02-occupancy-covariate-comparison-2.R: for exploring the effects of individual covariates on overall occupancy (Lindsey’s suggested method for Bayesian "model selection"). Input individual spreadsheets for the community coefficient model output (outputs from occupancy-covariate-comparison.R

03-occupancy-results-exploration.Rmd: Explore the results of the occupancy models

5. Temporal data analysis scripts

01-temporal-overlap.R: Calculates pairwise temporal (24-hr) overlap between all pairs of species, using overlap package. Input is record table, and outputs long data matrix with pairwise overlap values for all 703 species pairs, with columns for overlap in dry, wet3mo, and wet4mo seasons

6. Species Interaction Factor analysis scripts

01-format-data-for-sif.R: Reformats detection and operation matrices for pairwise species interaction factor modeling (from Lindsey) Input is detection and operation matrices (as generated by occupancy-matrix-wrangling.Rmd). Output is spreadsheet of species pair co-occurrence data ready for SIF analysis using run-sif-model.R (ex. Dry.peak.SppPairs.csv)
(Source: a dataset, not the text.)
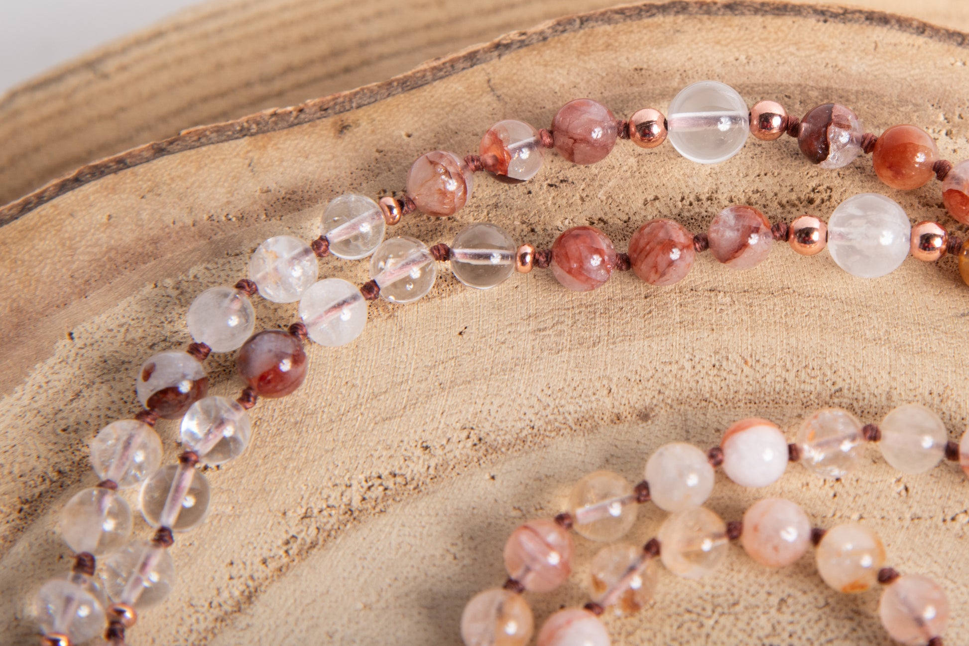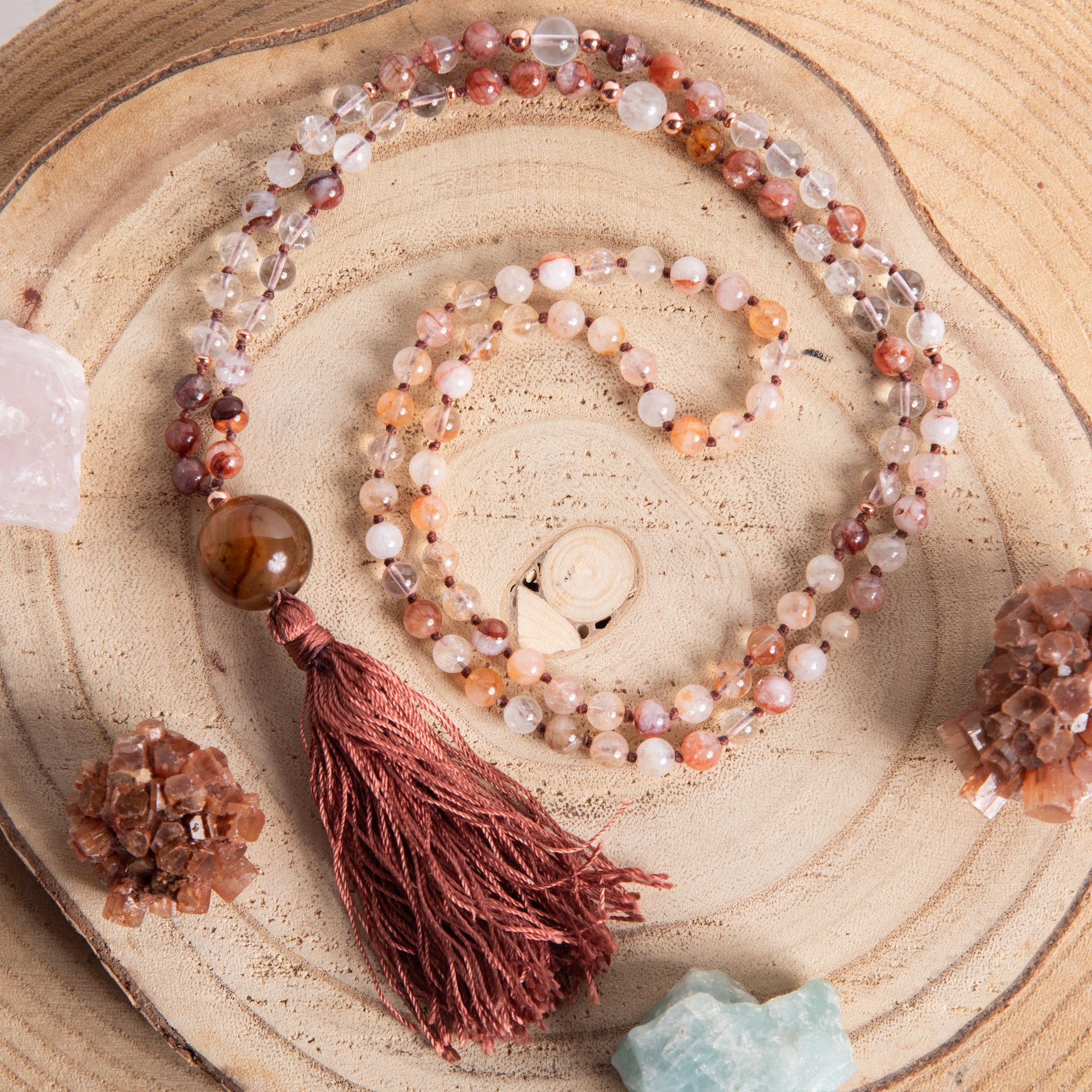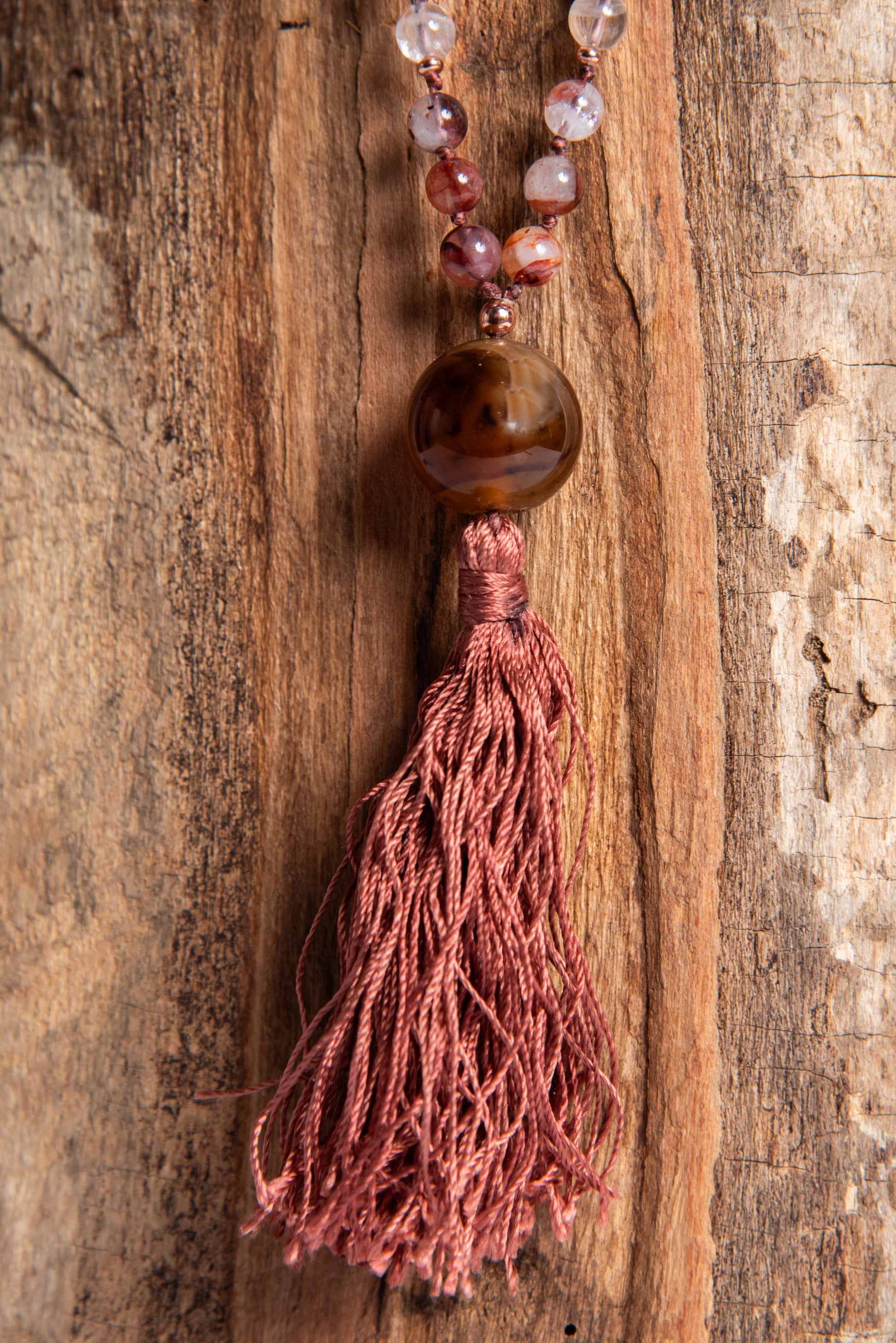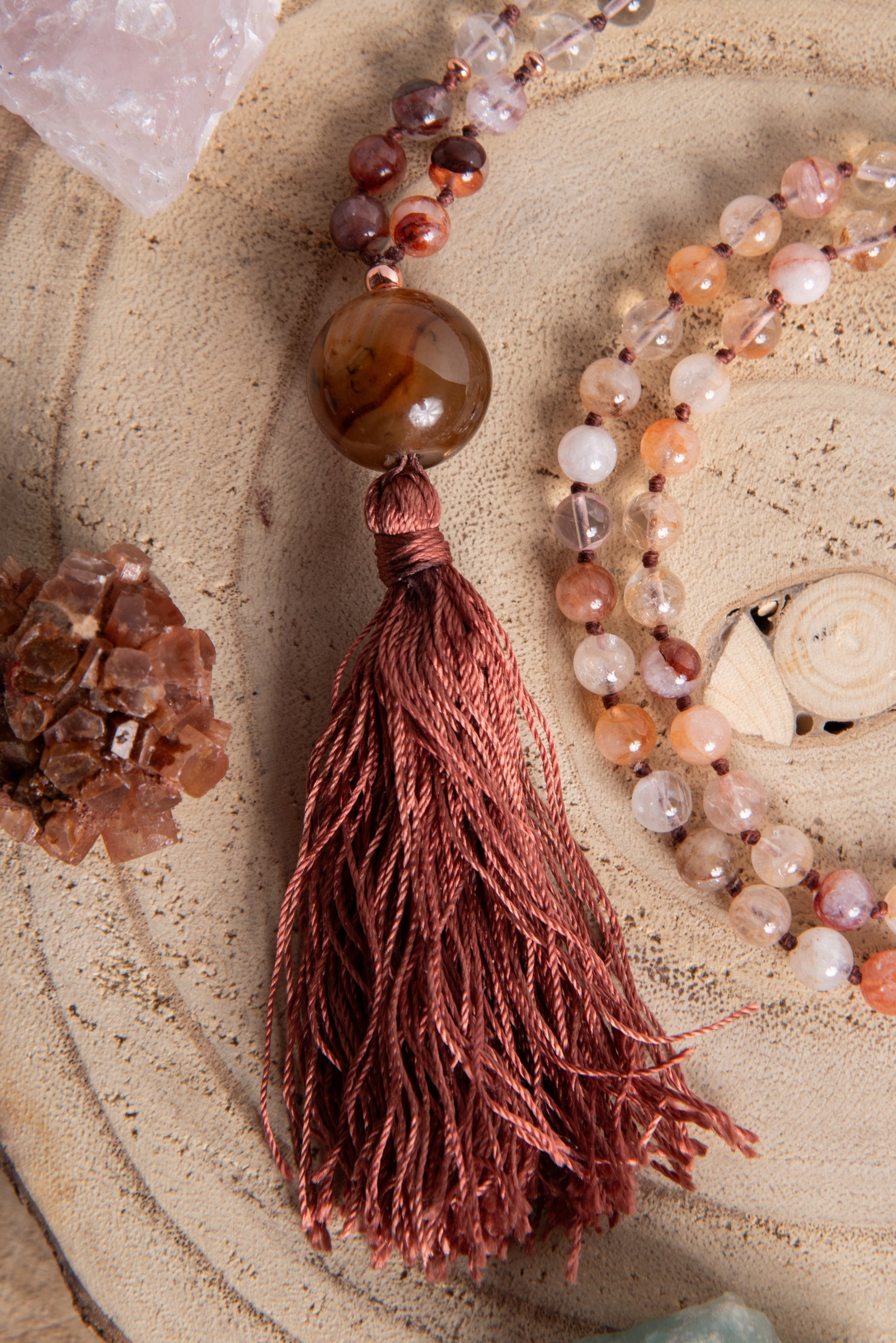 Mala in Quarzo Ematoide, Pietra Guru Agata, Rame

02-run-sif-model.R: Runs species co-occurrence models. Code from Lindsey Rich. Input species pair detection information - from Sformat-data-for-sif.R (ex. Dry.peak.SppPairs.csv). Output SIF results, with columns for psiA (probability A occurred in study area), psiBA (probability of B given A), psiBa (probability of B given A), psiB (derived quantity from the other values), pA (A detection probability), pB (B detection probability) - ex. SIF_2018Dry.csv

03-explore-sif-results.Rmd: Analysis of SIF results, in conjunction with temporal overlap, RAI overlap, dietary overlap, etc.